__Exercise goal__: Omit all pictures, then retype exactly the lines from the one that contains "キャラクターの外見:金髪、ロ" through the end of the listing.

__Data section__:

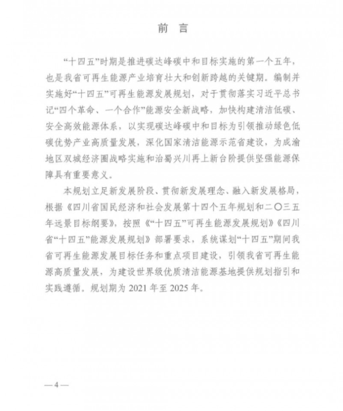 中國儲能網(wǎng)訊:5月7日,四川省發(fā)改委、能源局印發(fā)了關(guān)于《四川省“十四五”可再生能源發(fā)展規(guī)劃》的通知(以下簡稱“規(guī)劃”)。
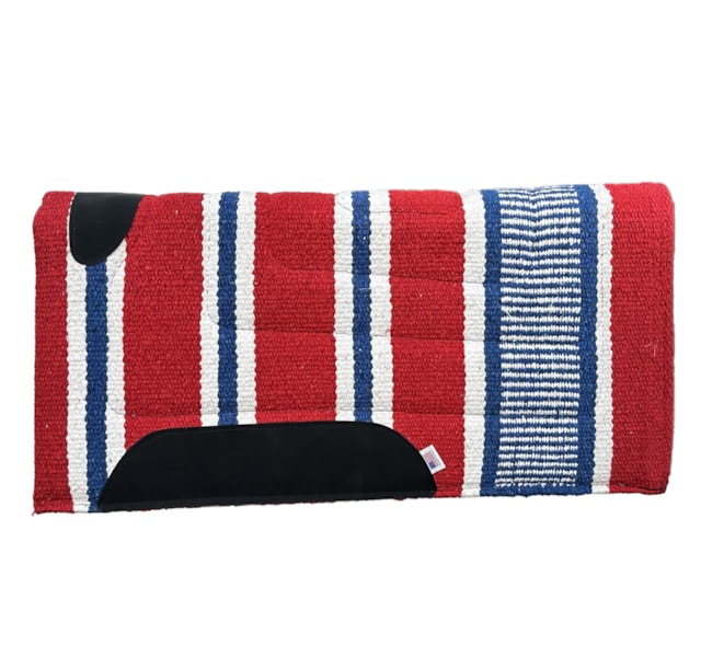 Manta Mustang importada para selas western, fabricada em feltro, revestimento em 100% Lã da Nova Zelândia com estampa navajo nas cores Vermelho, Branco e Azul,  reforço em couro nas laterais, cernelha e parte interna em pelúcia. Esta manta fornece o ajuste essencial ao seu cavalo que necessita de um melhor conforto. Com uma distribuição uniforme da pressão sobre o dorso do animal. Fino acabamento.
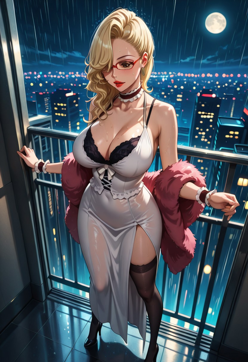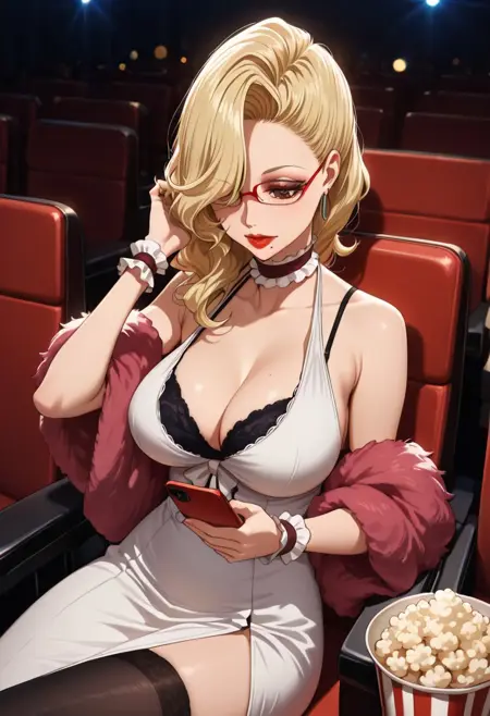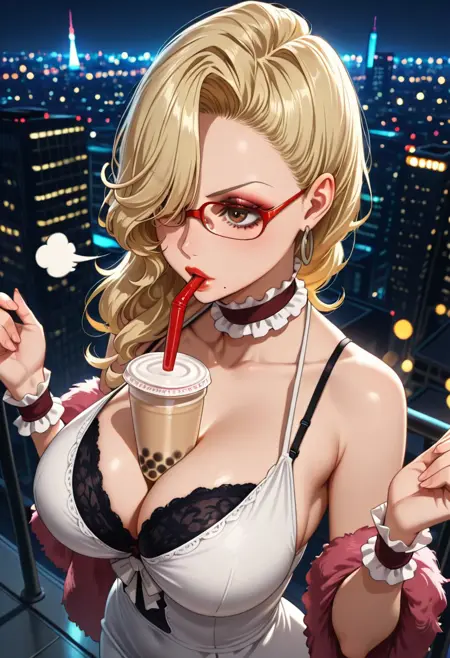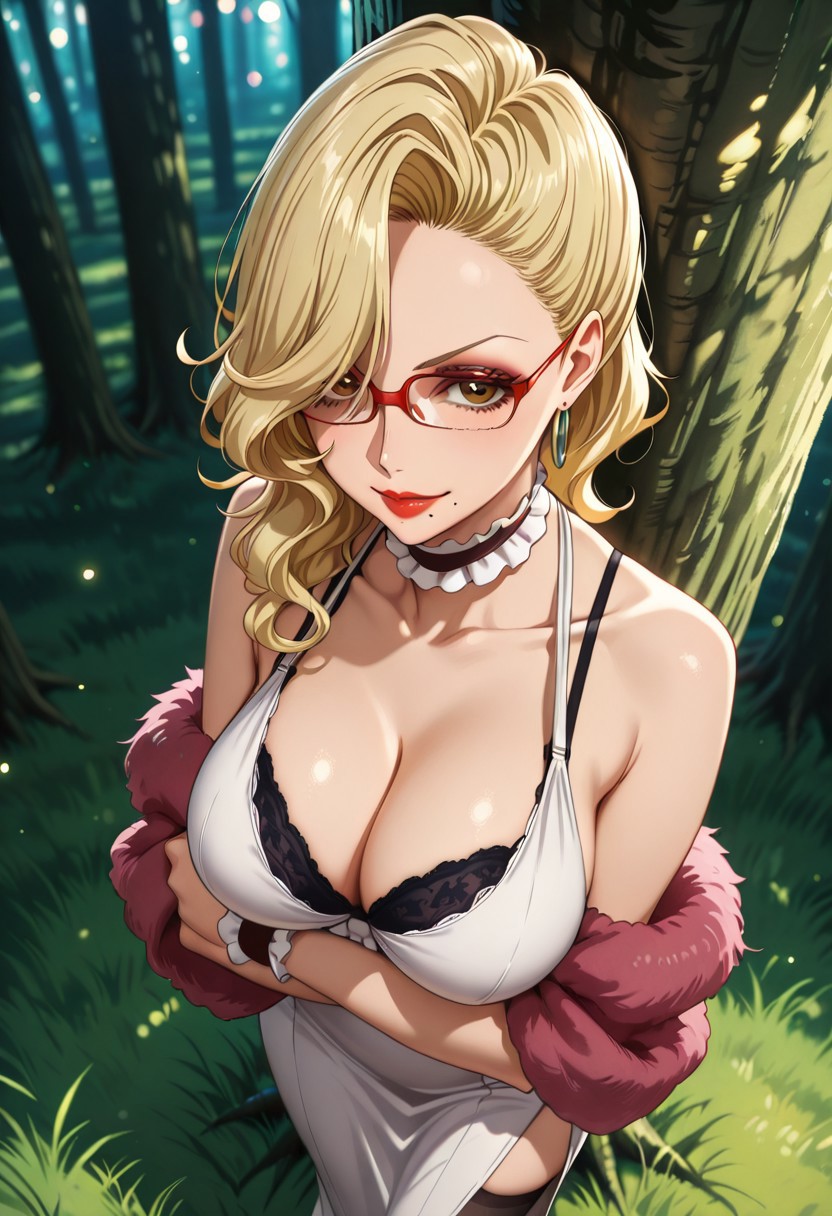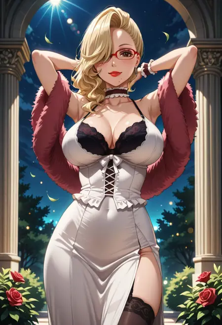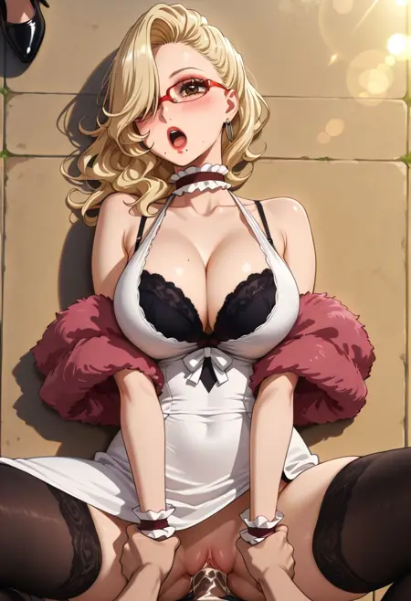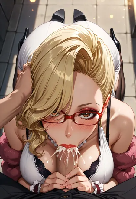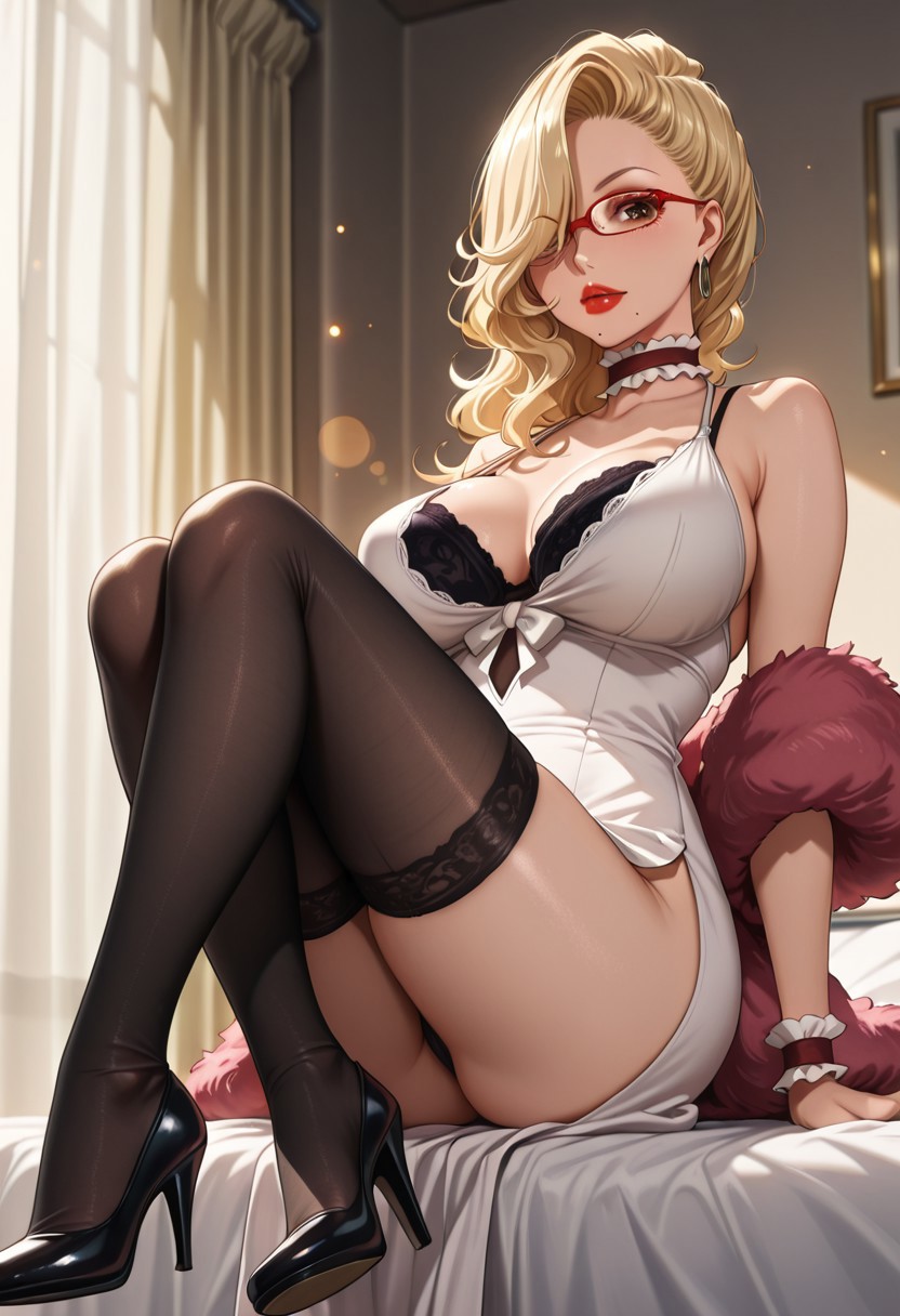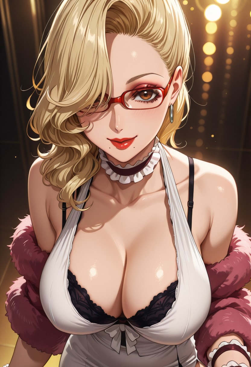 キャラクターの外見:金髪、ロングヘア、片方の目に髪がかかる、前髪、茶色の目、眼鏡、赤枠のメガネ、イヤリング、口の下のほくろ、化粧、赤い唇、大きな胸
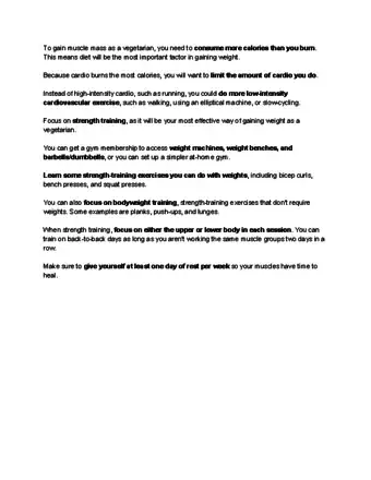 1Begin with the vegan guidelines for weight gain. The vegan and vegetarian diets are quite similar, though the vegetarian diet allows a little more flexibility. As such, a vegetarian should follow all the advice given for vegans attempting to gain weight, alongside suggestions that incorporate dairy into the diet.
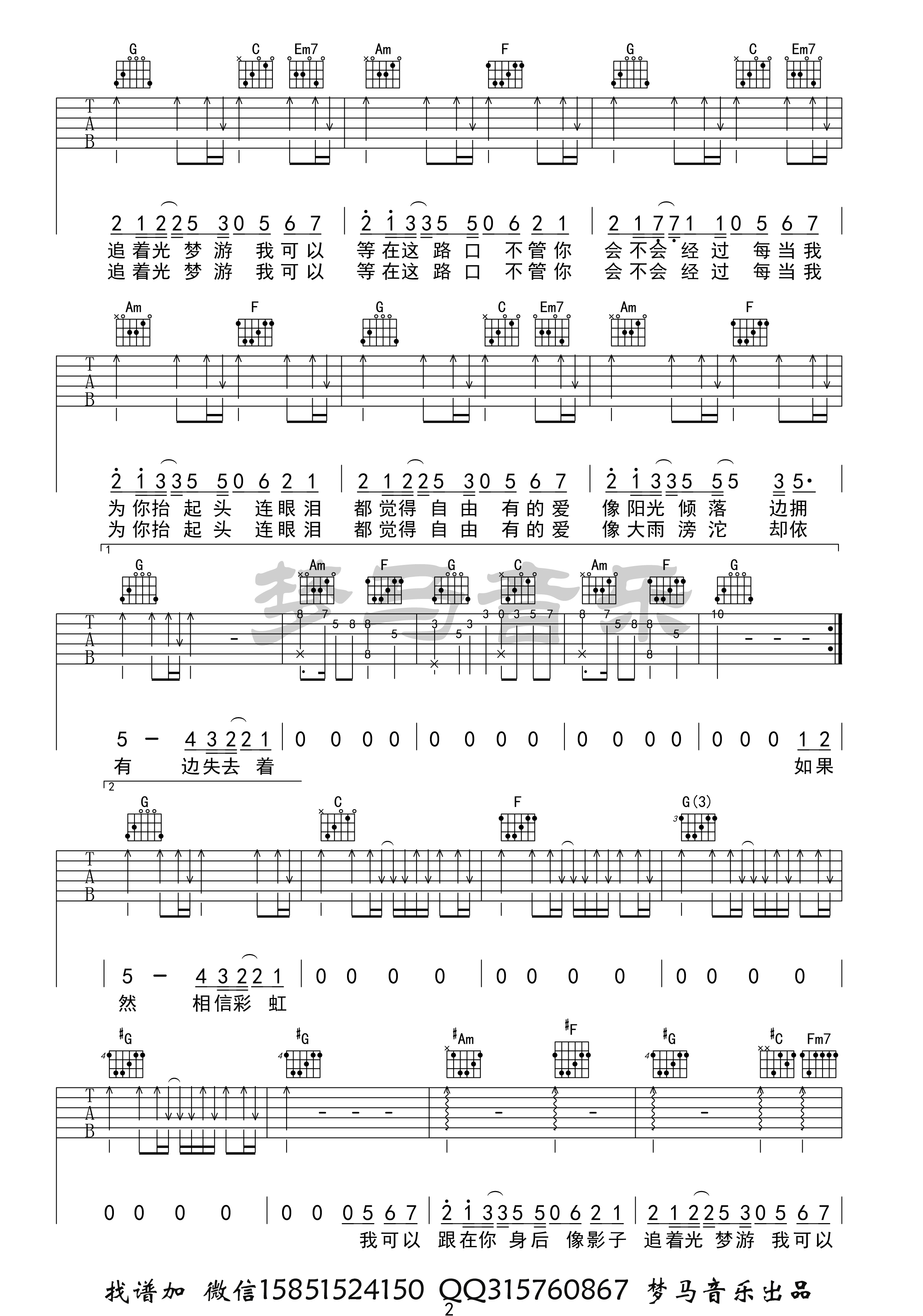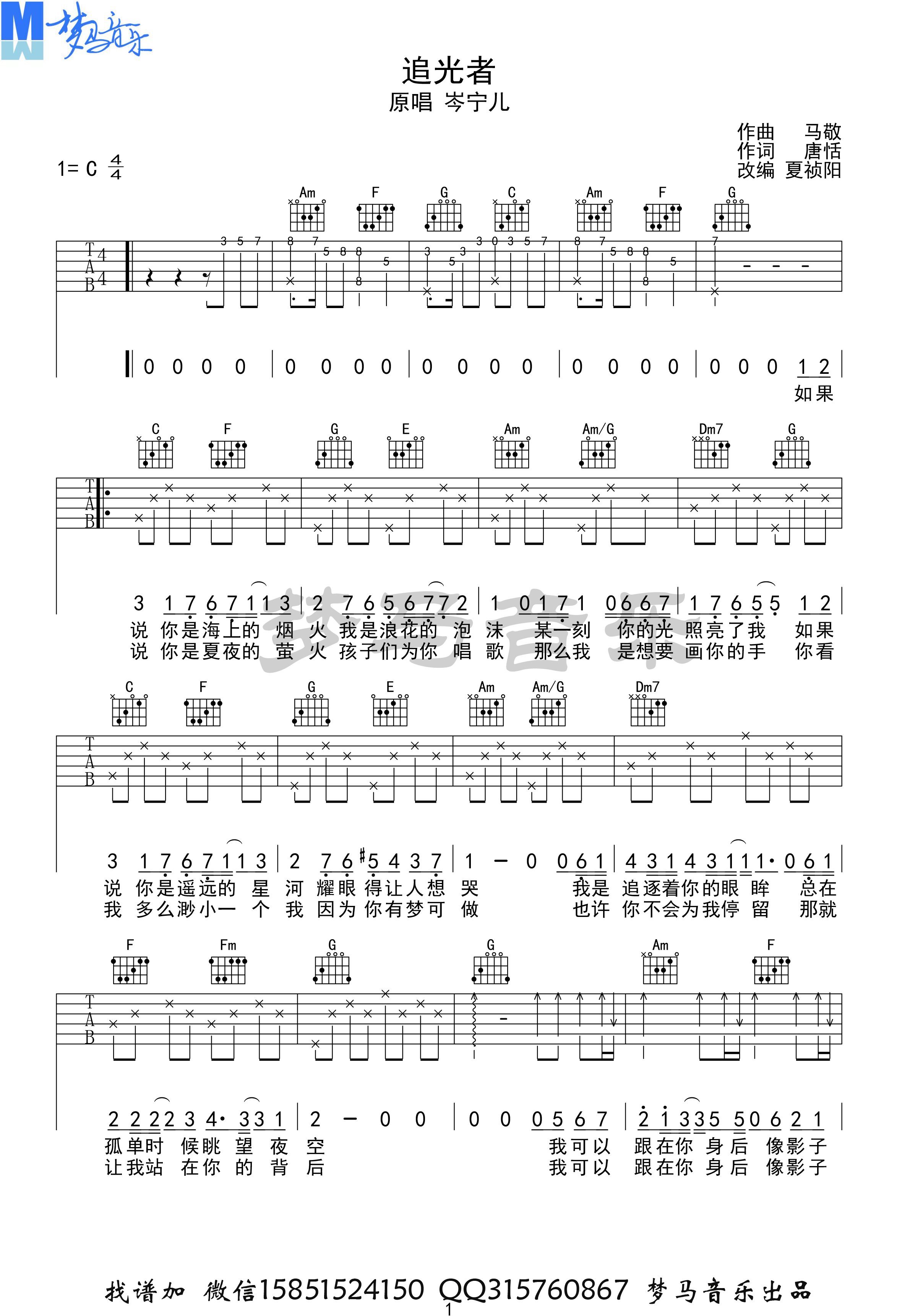 曲谱介绍: 岑宁儿《追光者》吉他弹唱谱,共有3张高清图谱。

__Exercise response__:
 キャラクターの外見:金髪、ロングヘア、片方の目に髪がかかる、前髪、茶色の目、眼鏡、赤枠のメガネ、イヤリング、口の下のほくろ、化粧、赤い唇、大きな胸
 1Begin with the vegan guidelines for weight gain. The vegan and vegetarian diets are quite similar, though the vegetarian diet allows a little more flexibility. As such, a vegetarian should follow all the advice given for vegans attempting to gain weight, alongside suggestions that incorporate dairy into the diet.
 曲谱介绍: 岑宁儿《追光者》吉他弹唱谱,共有3张高清图谱。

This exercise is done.